Source material:
▽

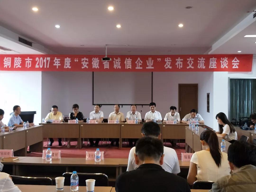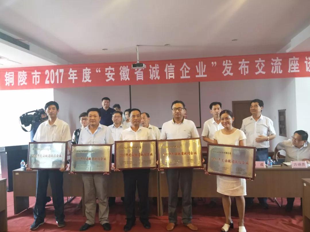 2018年7月6日,"安徽省诚信企业"发布交流会在安徽铜都流体科技股份有限公司隆重举行。我公司荣获"2017-2018年度"安徽省诚信企业"。
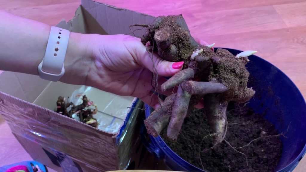 Когда набухнут почки и появятся корешки, можно посадить в емкость с землей. Следует хранить посадку в прохладном месте. После переноса растение хорошо приживется в открытом грунте. Можно хранить и в полиэтиленовом пакете с отверстиями. Корневища обложить мхом, постоянно вести контроль, чтобы они не пересохли.
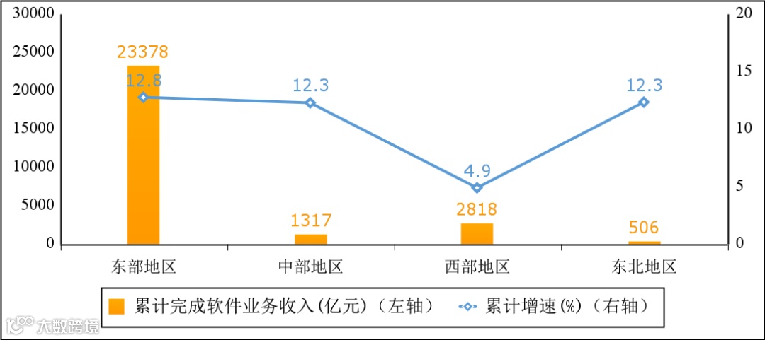 中部、东北地区软件业务收入增速加快。一季度,东部地区完成软件业务收入23378亿元,同比增长12.8%;中部地区完成软件业务收入1317亿元,同比增长12.3%,增速较1—2月份提高15.7个百分点;西部地区完成软件业务收入2818亿元,同比增长4.9%,增速较1—2月份回落0.3个百分点;东北地区完成软件业务收入506亿元,同比增长12.3%,增速较1—2月份提高1个百分点。四个地区软件业务收入在全国总收入中的占比分别为83.4%、4.7%、10.1%和1.8%。

△

May I have only the lines from the start of the data through the line containing "Когда набухнут почки", both included, reproduced exactly and without the pictures?

Output below:
 2018年7月6日,"安徽省诚信企业"发布交流会在安徽铜都流体科技股份有限公司隆重举行。我公司荣获"2017-2018年度"安徽省诚信企业"。
 Когда набухнут почки и появятся корешки, можно посадить в емкость с землей. Следует хранить посадку в прохладном месте. После переноса растение хорошо приживется в открытом грунте. Можно хранить и в полиэтиленовом пакете с отверстиями. Корневища обложить мхом, постоянно вести контроль, чтобы они не пересохли.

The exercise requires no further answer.